GIVEN DATA:
○ ○ ○ ○ ○ ○ ○

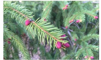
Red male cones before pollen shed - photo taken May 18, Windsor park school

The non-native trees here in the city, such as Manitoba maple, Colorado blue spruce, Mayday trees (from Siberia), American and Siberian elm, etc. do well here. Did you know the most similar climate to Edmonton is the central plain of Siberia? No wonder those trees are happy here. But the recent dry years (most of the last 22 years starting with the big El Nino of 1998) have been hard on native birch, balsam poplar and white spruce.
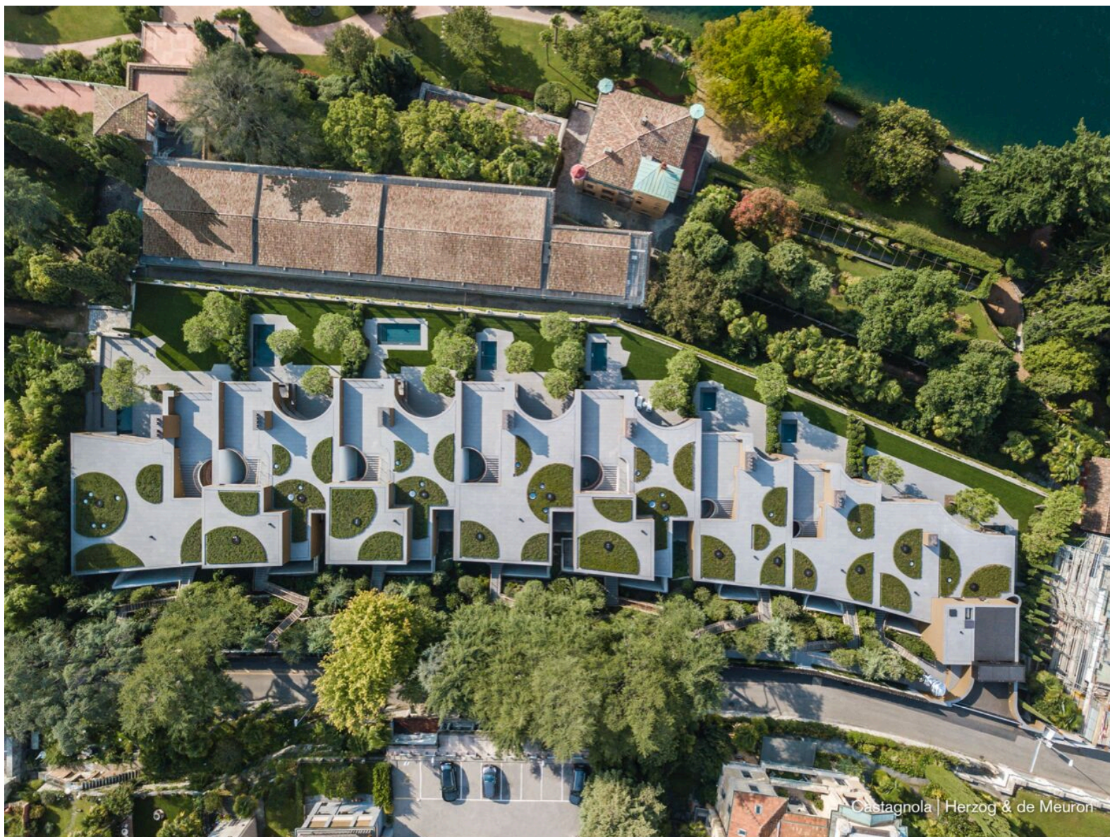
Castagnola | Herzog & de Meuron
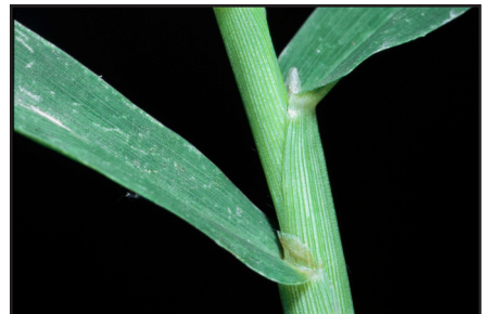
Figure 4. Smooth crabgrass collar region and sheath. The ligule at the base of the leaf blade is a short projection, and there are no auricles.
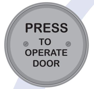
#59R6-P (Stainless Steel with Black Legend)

○ ○ ○ ○ ○ ○ ○

EXERCISE INSTRUCTIONS: Output every entry verbatim. Pictures do not belong in the copy.

SOLUTION TO THIS EXERCISE:
Red male cones before pollen shed - photo taken May 18, Windsor park school

The non-native trees here in the city, such as Manitoba maple, Colorado blue spruce, Mayday trees (from Siberia), American and Siberian elm, etc. do well here. Did you know the most similar climate to Edmonton is the central plain of Siberia? No wonder those trees are happy here. But the recent dry years (most of the last 22 years starting with the big El Nino of 1998) have been hard on native birch, balsam poplar and white spruce.
Castagnola | Herzog & de Meuron
Figure 4. Smooth crabgrass collar region and sheath. The ligule at the base of the leaf blade is a short projection, and there are no auricles.
#59R6-P (Stainless Steel with Black Legend)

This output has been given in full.